Their skepticism towards the cryptocurrency sector is partly due to the difficulty of assessing the true value of digital currencies.

“If you can’t put a value on it, how can you be bullish or bearish?” she said.

He also criticized the crypto community for calling cryptocurrencies the “democratization of finance,” when “major decisions end up being driven by a few controlling people.”

This is not the first time Mossavar-Rahmani has expressed doubts about Bitcoin’s potential. Weeks after spot approval bitcoin ETFs (exchange-traded funds) in the US, warned the public against investing in the cryptocurrency market leader.

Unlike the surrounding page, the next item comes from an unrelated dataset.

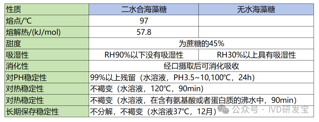 Hello啊,宝子们!最近在群聊中发现有宝子们的胶体金层析产品在热加速或常温放置一段时间后出现了结合垫中金标颗粒释放不了的问题,像是被什么东西给牢牢固定了,导至金标颗粒无法正常的进行层析!为什么会出现这样的现象那?本期内容就来讲讲我的猜测以及具体的原理,不足之处欢迎广大宝子们批评指正! 蔗糖这边没有查到具体的数据,但是有资料记载和海藻糖一样具有吸湿的性质。这点非常重要。 从得到的海藻糖的物化性质中我们可以明显看到二水合海藻糖在相对湿度RH90%以下没有吸湿性,而无水海藻糖在RH30%以上就具吸湿性! 2.2 当发生吸湿现象时,糖会发生什么变化? 因为我们研究的是将糖晶体溶解到溶液中,然后再干燥的结合垫上之后的固态糖的吸湿性。因此就需要知道在经过这样一番操作后的几种糖有什么区别。 首先是无水海藻糖:无水海藻糖溶液经过高温干燥到结合垫上后,因为分子内不含结晶水所以相对比二水合海藻糖更具有吸湿性质,这意味着它能够从周围环境中吸收水分。 其次是二水合海藻糖:二水合海藻糖失去结晶水的温度通常在100°C左右,因此二水合海藻糖溶液经过高温干燥到结合垫上后,因为实际干燥温度不可能会在100℃,因此结合垫上糖的纯在形式可能仍然是二水合海藻糖。因为其分子内含有结合水因此其在环境中的吸湿性明显低于无水海藻糖! 再者是蔗糖:蔗糖因暂未查到具体数据无法进行比较,但其应该也具有相同的吸湿性质。 那么当发生吸湿现象时,糖会发生什么变化? 1)结块 随着吸湿量的增加,无水海藻糖颗粒之间会因为水分的存在而粘连在一起,形成硬块或团块。这会严重影响其流动性和均匀分散的能力。 2)流动性降低 原本自由流动的无水海藻糖,在吸湿后由于颗粒之间的黏附作用增强,导至整体流动性显著下降,这对于需要保持良好流动性的金标颗粒可能是致命的! 3)溶解度变化 尽管吸湿后的无水海藻糖仍然可以溶解于水中,但其溶解速率和最终溶液的状态可能会受到影响。比如,如果形成了较大的结块,则这些结块可能需要更长时间才能完全溶解。 4)微生物生长 虽然吸湿本身不会直接改变无水海藻糖的基本化学结构,但在高湿度环境下长期储存可能导至其他化学反应的发生,例如微生物生长或是与空气中某些成分发生相互作用,从而影响其品质和功能特性。 3.如何解决这现象?

“People can use it (Bitcoin) if they want for complete speculation, but it is not an investment,” Goldman Sachs’ CIO said in a previous statement. interview with the WSJ. Investors should not “invest in cryptocurrencies, in Bitcoin, in ETFs, as part of an investment portfolio,” he added.

Wall Street Giants Are Bullish on Bitcoin

Although Goldman Sachs maintains its negative view of several years towards bitcoin and the crypto sector, its competitors are preparing to invest in the digital asset.

Mark Yusko, the prominent hedge fund manager and CEO of Morgan Greek Capital Management, predicted that BTC could skyrocket to $150,000 by the end of this year. Well-known Bitcoin maximalist Michael Saylor is also bullish on Bitcoin and says MicroStrategy will not exist in 1,000 yearsbut BTC will be.

Meanwhile, the booming Bitcoin ETF spot market suggests that institutional investors are interested in gaining exposure to BTC. BlackRock’s IBIT ETF has stolen the show since its launch earlier this year, managing to take volume market share from Grayscale’s converted Bitcoin Trust.